┌─ Provided data

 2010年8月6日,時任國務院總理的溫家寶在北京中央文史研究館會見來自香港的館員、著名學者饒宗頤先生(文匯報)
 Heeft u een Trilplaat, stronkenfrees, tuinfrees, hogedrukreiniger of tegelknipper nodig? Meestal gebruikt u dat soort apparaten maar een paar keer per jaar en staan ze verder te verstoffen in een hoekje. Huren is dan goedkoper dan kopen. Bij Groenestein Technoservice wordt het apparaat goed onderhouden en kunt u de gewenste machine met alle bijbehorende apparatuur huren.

└─
┌─ Provided data

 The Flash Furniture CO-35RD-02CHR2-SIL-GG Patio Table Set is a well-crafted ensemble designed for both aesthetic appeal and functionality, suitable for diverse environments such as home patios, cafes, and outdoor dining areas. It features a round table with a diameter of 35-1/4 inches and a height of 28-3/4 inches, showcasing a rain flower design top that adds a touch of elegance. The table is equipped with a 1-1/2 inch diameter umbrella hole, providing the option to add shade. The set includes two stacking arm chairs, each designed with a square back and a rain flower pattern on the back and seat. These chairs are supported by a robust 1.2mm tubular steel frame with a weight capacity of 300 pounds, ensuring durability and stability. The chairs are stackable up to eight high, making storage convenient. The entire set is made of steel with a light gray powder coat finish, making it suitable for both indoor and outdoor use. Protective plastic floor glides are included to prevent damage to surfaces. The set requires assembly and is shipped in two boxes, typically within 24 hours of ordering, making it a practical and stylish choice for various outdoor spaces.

└─
┌─ Provided data

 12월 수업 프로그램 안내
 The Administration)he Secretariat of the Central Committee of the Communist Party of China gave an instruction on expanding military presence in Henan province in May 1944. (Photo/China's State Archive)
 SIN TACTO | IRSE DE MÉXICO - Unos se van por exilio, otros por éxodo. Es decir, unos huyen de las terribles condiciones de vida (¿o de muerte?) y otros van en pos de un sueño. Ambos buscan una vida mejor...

└─

● **Brief**: Give back, exactly as written, the stretch from the line with "2010年8月6日,時任國務" through the line with "Heeft u een", and no other lines from the records above.

● **Output below**:
 2010年8月6日,時任國務院總理的溫家寶在北京中央文史研究館會見來自香港的館員、著名學者饒宗頤先生(文匯報)
 Heeft u een Trilplaat, stronkenfrees, tuinfrees, hogedrukreiniger of tegelknipper nodig? Meestal gebruikt u dat soort apparaten maar een paar keer per jaar en staan ze verder te verstoffen in een hoekje. Huren is dan goedkoper dan kopen. Bij Groenestein Technoservice wordt het apparaat goed onderhouden en kunt u de gewenste machine met alle bijbehorende apparatuur huren.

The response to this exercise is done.